Terms & Conditions

  1. Acceptance of Order: The terms and conditions of sales as set forth below will be the only terms and conditions that will apply to and govern any purchase order accepted by OMT. Any term or condition in any Customer’s purchase order or other form in conflict with these terms or conditions is hereby expressly rejected and shall not be binding upon OMT. No term, provision or condition stated by Customer in a purchase order or elsewhere will be binding on OMT if in conflict with, inconsistent with, or in addition to the terms and conditions set forth below, unless expressly approved in writing by OMT. OMT is not required to accept Customer’s orders. All sales are final and may not be revoked, canceled or returned by Customer, unless OMT specifically agrees in advance in writing.
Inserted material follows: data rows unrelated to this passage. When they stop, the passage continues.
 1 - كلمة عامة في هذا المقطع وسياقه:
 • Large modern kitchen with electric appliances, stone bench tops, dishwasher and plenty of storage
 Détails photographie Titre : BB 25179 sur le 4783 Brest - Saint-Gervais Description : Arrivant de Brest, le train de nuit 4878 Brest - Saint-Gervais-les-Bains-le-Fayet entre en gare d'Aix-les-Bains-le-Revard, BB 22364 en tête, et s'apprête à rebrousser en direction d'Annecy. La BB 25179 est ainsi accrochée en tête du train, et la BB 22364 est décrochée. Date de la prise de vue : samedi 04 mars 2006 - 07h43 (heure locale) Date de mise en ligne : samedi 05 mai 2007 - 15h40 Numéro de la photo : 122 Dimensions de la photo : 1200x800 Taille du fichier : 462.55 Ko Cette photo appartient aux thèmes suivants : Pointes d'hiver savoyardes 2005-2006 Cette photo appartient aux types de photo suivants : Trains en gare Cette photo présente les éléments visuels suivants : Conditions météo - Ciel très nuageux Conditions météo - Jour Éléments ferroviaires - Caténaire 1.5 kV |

  2. Price: Prices for goods and services provided by OMT are set by OMT and are subject to change without notice prior to OMT’s acceptance of Customer’s order. Except as may be expressly stated otherwise on the face of a purchase order (an “Order”) accepted by OMT, the prices stated in the Order constitute the full purchase price to be paid for the good and services purchased hereunder. Unless otherwise specified in writing, the purchase price for goods and services does not include delivery, shipping, and transportation charges, which will be paid for by Customer.
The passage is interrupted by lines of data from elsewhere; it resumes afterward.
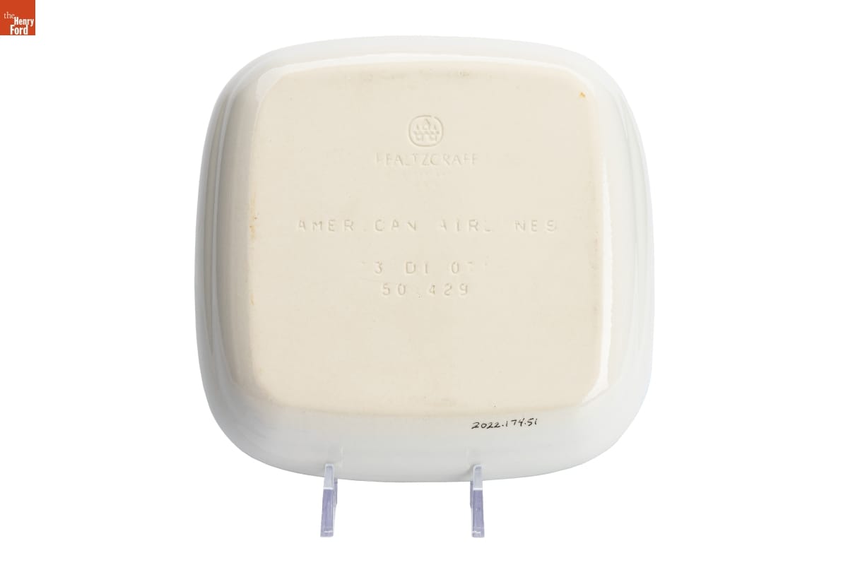 Original design by Katsuji Wakisaka for textiles made by Marimekko Oy in Helsinki Finland. Plate manufactured by Pfaltzgraff Co. in the United States for American Airlines.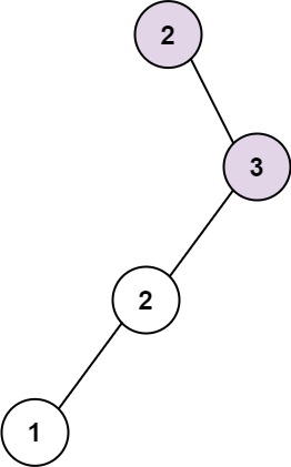 Explanation: Longest consecutive sequence path is 3-4-5, so return 3.Input: root = [2,null,3,2,null,1]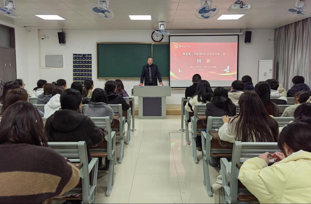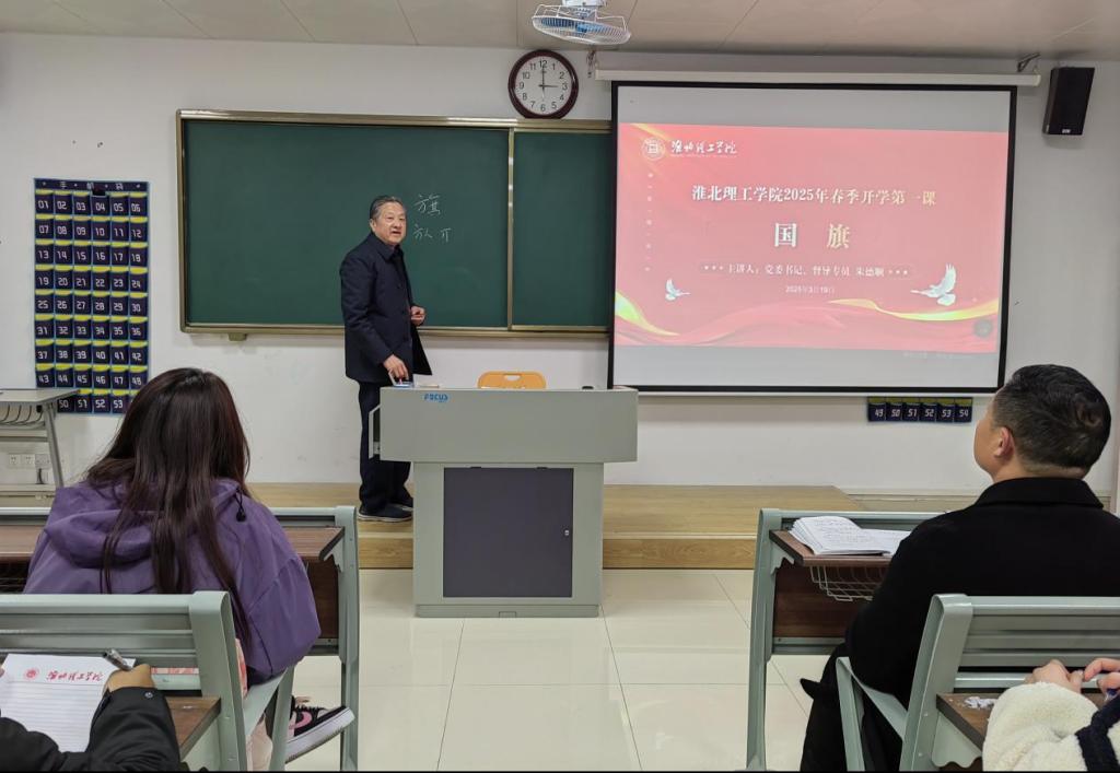 3月19日下午,球盟会qmh校党委书记、督导专员朱德顺在春季学期开学初,于第二教学楼206教室为学生们开讲了一堂以爱国主义教育“国旗”为题的开学第一课。本次活动由教务处副处长秦品德主持,全校各学院学生代表百余人参加了此次活动。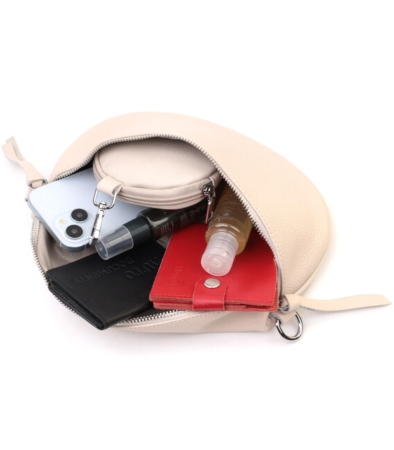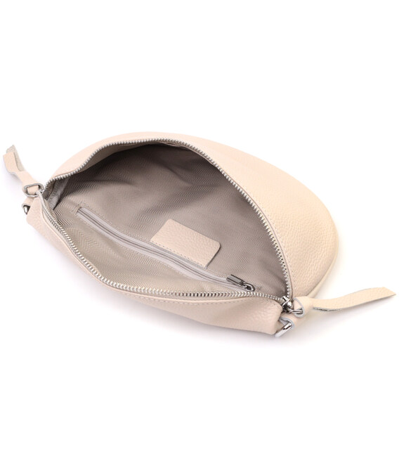 Зручна сумка через плече з натуральної шкіри флотар, яка невибаглива у догляді та довго носиться. Аксесуар складається з основного відділення, кишені на блискавці всередині, а також міні-гаманця, що знімається. Носити сумку можна на плечі і через плече, для цього є текстильний ремінь, що знімається. В аксесуарі використано якісну фурнітуру кольору срібла.
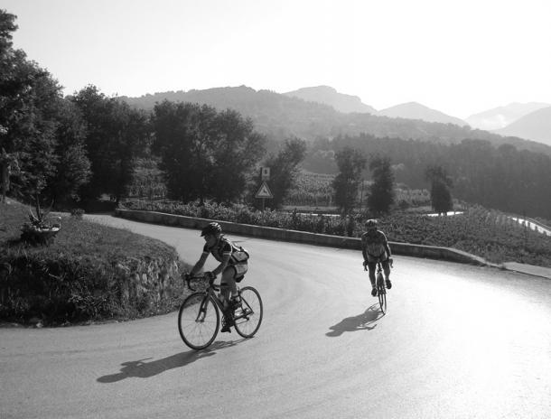 Stamattina, dopo giorni di secca, si esce col gruppo. Il gruppo, poi: ma quale gruppo? Sembriamo superstiti dopo l’impatto con un meteorite. Fino all’anno scorso avevamo uno sponsor che usciva in bici con noi. Non lo sopportava nessuno, e alla fine se n’è andato. Nei mesi successivi, ho capito che niente come l’odio tiene uniti. Quando era tra noi, esisteva una squadra che faceva scudo contro l’estraneo sbruffone, il cafone arricchito. Lui organizzava un giro coi suoi Bravi, noi altri boicottavamo la direzione; e se 60 eravamo, in 60 partivamo. Ma adesso che il nemico è scomparso, il frutto ha perso il nocciolo, il camino la brace, e tutto si è sgranato nelle approssimative spianate del bene. Chi deve fare una cosa, chi deve tornare prima, chi si è creato un sottogruppo di due o tre amici per uscite ad insaputa degli altri. La nostra divisa è ormai diventata una bandiera senza Paese.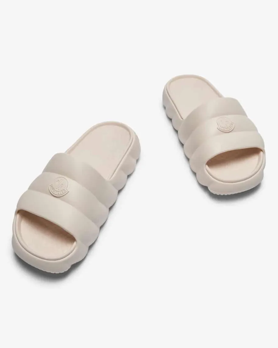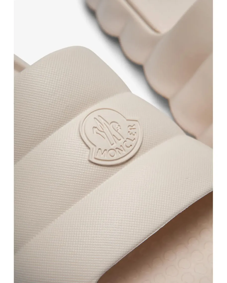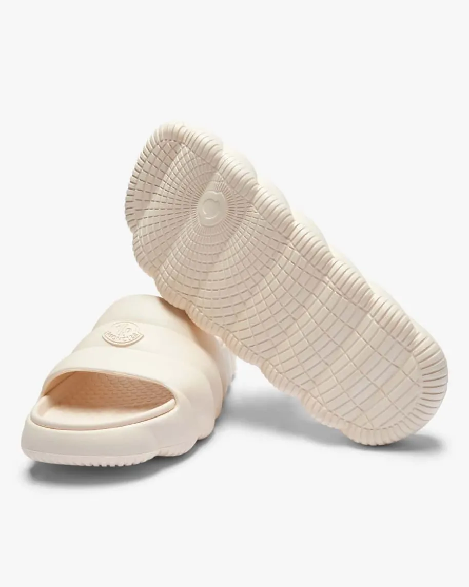 Lilo Pantoletten für Damen von Moncler in Creme. Das Modell präsentiert sich inraffinierter Aufmachung und gestepptem Design, wodurch ein modischer Begleiterfür den Sommer entsteht. Logo-Details runden das Gesamtbild gekonnt ab.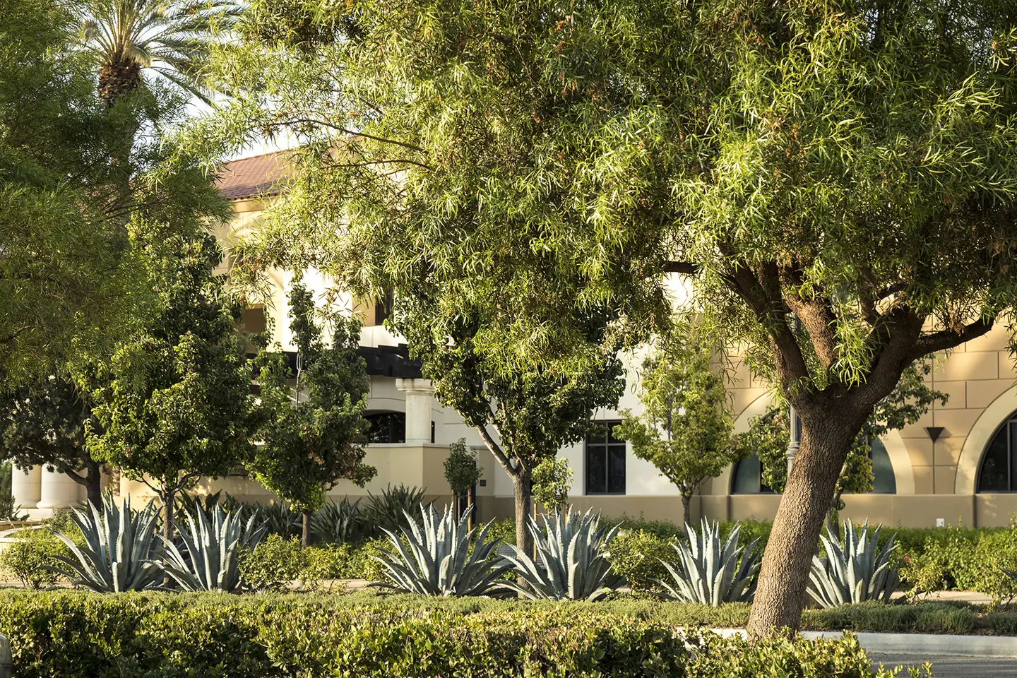 California Baptist University is a private college in Riverside, California. The university is known not only for its liberal arts education, but also its Mission Revival architecture, which was popular in the 1920s to 1930s. Some of the university’s oldest buildings were constructed during this time period, and more recent construction on-campus has followed in this style. To complement the unique architecture, the landscape features a plant palette native to the Riverside area. By using plant material acclimated to the semi-arid climate, the landscape has the added benefit of requiring less water, which supports the university’s sustainability efforts.

  3. Packing, Marking and Shipping: All products are shipped F.O.B., point of shipment. OMT shall label, pack, mark and ship all goods and supplies in accordance with the requirements of the Order and so as to be in compliance with transportation regulations and good commercial prac­tice for protection and shipment, and shall secure the most advantage­ous transportation service and rates consistent therewith. No separate or additional charge is payable by Customer for containers, crating, boxing, bundling, dunnage, drayage, or storage unless specifically stated in the Order. Duplicate itemized packing lists of contents must be placed in each package bearing this Order number. No charge will be allowed by Customer for cartage or packing unless agreed upon beforehand in writing. All expenses incurred by OMT’s failure to furnish necessary shipping documents shall be charged to OMT. Risk of loss shall transfer to the Customer upon tender of goods to Customer, Customer’s repre­sentative, or common carrier. The cost of any special packing or special handling caused by Customer’s requirements or requests shall be added to the amount of the order. If Customer causes or requests a shipment delay, or if OMT ships or delivers the products erroneously as a result of inaccurate, incomplete or misleading information supplied by Customer or its agents or employees, storage and all other additional costs and risks shall be borne solely by Customer. Claims for products damaged or lost in transit should be made by Customer to the carrier, as OMT’s responsibility ceases upon tender of goods to Customer, Customer’s representative or common carrier.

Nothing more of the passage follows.